Trump remains fixated with Biden weeks after he dropped out of the race
During an interview released Tuesday, Trump brought up Biden’s withdrawal from the race two separate times.
Donald Trump is no longer running against President Joe Biden.
That’s been the case for the more than six weeks since Biden bowed to Democratic pressure and withdrew from the race, weeks after his June 27 debate performance amplified long-standing fears among his own party that he could not defeat the former president.
Democrats have eagerly and swiftly moved on, turning their attention toward Vice President Kamala Harris’ campaign and the sudden burst of enthusiasm that the ticket swap generated within the party’s base.
But in recent interviews, speeches, and on social media, Trump has regularly returned to the topic of Biden’s sudden withdrawal, describing it as a “coup” while expressing disbelief that the events of late July ever came to pass.
“You know we were up massively by Biden. How would you like to be me?” Trump said at a rally in Michigan last week. “I spent $100 million dollars on fighting him. We weren’t fighting anyone else. We weren’t fighting a vice president. We didn’t even know who the hell she was, and then all of a sudden they say, ‘Joe, you’re losing badly, you got to get out.'”
In an interview released on Tuesday, the podcaster Lex Fridman asked Trump if he would like to see Harris sit for more interviews. “I don’t know,” the former president said. “I can’t believe the whole thing is happening.”
Minutes later, he returned to the topic again in the midst of a meandering response to a question from Fridman about how he would negotiate an end to the war in Ukraine, painting a portrait of a world ablaze as Biden stands by.
“He sort of checked out,” Trump said of Biden. “Hey look, you know, you can’t blame him. That was a coup. They took it over.”
The notion that Biden’s decision was a “coup,” though often repeated by Republicans, ultimately doesn’t hold up. If anything, the tortured three weeks that Democratic officials spent trying to convince Biden to drop out illustrated the weakness of modern American political parties and the ability of one person to resist the will of the party’s base.
“You know, there was a coup,” Trump said at a Wisconsin event last week with former Democratic Rep. Tulsi Gabbard of Hawaii, going on to note Biden’s performance in this year’s relatively uncompetitive Democratic presidential primary. “I’m not a fan of his. He was the worst president. But think of this: He got 14 million votes.”
The previous week, Trump claimed in a Truth Social post that Biden was exhibiting “ANGER at being humiliated by the Democrats” during his speech at the party’s convention. “I don’t know why he gave up, I don’t know why he quit,” Trump wrote.

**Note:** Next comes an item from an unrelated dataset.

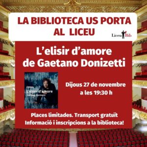 Dijous 27 de novembre a les 19.30 h. Sortida al Liceu: L’elisir d’amore de Gaetano Donizetti. La Biblioteca Joan Margarit us porta al Gran Teatre del Liceu a veure l’òpera L’elisir d’amore de Gaetano Donizetti, on el valor i l’èpica envolten la creació d’aquesta obra mestra del gènere buffo. Serà el dijous 27 de novembre dins el projecte LiceuBib, impulsat per la Generalitat de Catalunya i el Gran Teatre del Liceu. Totes les localitats del LiceuBib s’ofereixen amb unes condicions especials, butaques a zona 3 (pisos centrals, 2n i 3r, i als laterals de platea), amb un preu de 100€ (PVP 157€).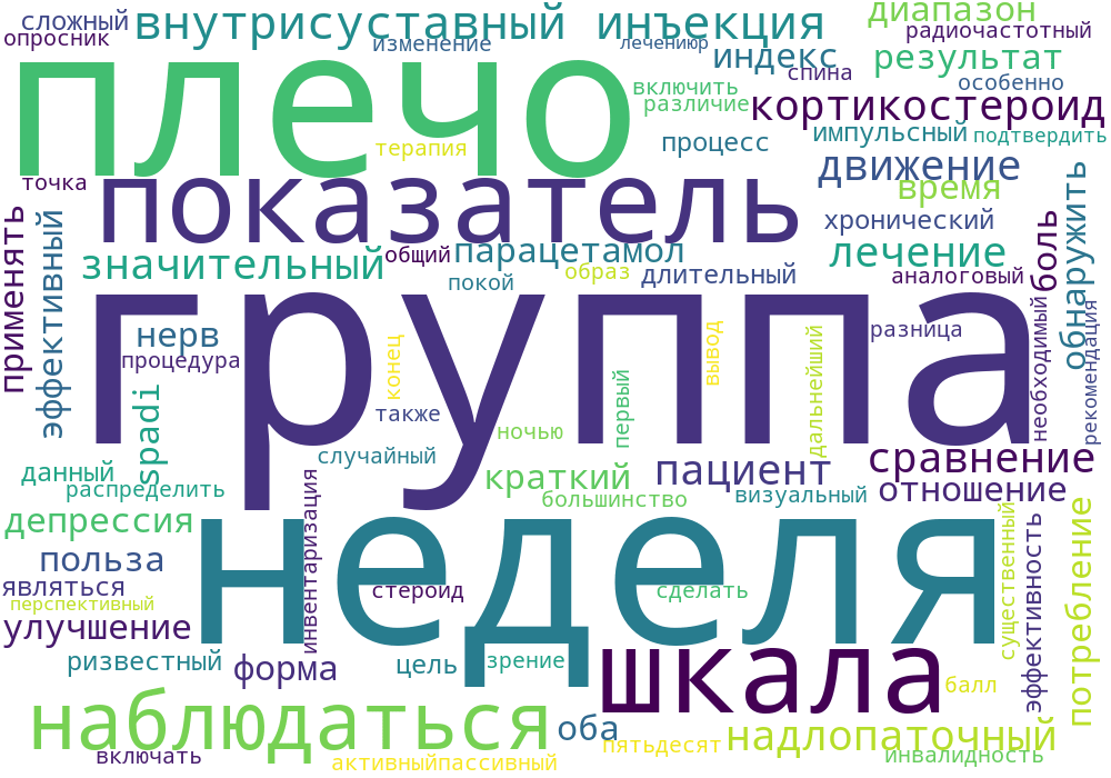 В исследование были включены пятьдесят пациентов с болью в плече. Пациенты были случайным образом распределены на 1-ю группу (внутрисуставная инъекция кортикостероидов) и 2-ю группу (PRF в надлопаточный нерв). Показатели результатов включали шкалу боли (визуальная аналоговая шкала, ВАШ), диапазон движений, индекс боли в плече и инвалидности (SPADI), Краткую форму-36, опросники по шкале депрессии Бека и потребление парацетамола.

It’s a dynamic that’s led some Democrats to question whether Trump is personally upset by Biden’s decision to withdraw from the race. Reporting suggests that Trump’s 2024 campaign — a much more disciplined and organized operation than either of his previous campaigns — was designed specifically to beat Biden.
Trump’s campaign, of course, won’t say such things publicly. “It is important to remind voters of what happened with Biden,” Steven Cheung, Trump’s campaign spokesman, said in a statement for this story. “There was a political coup by the Democrats to force him out of the race.”
But privately, the tone is a little different. Sen. JD Vance of Ohio, Trump’s running mate, told donors that Harris’ ascent was a “political sucker punch” days after she launched her campaign, according to a recording obtained by The Washington Post.
“The bad news is that Kamala Harris does not have the same baggage as Joe Biden,” Vance said at a fundraiser, according to the recording. “Because whatever we might have to say, Kamala is a lot younger.”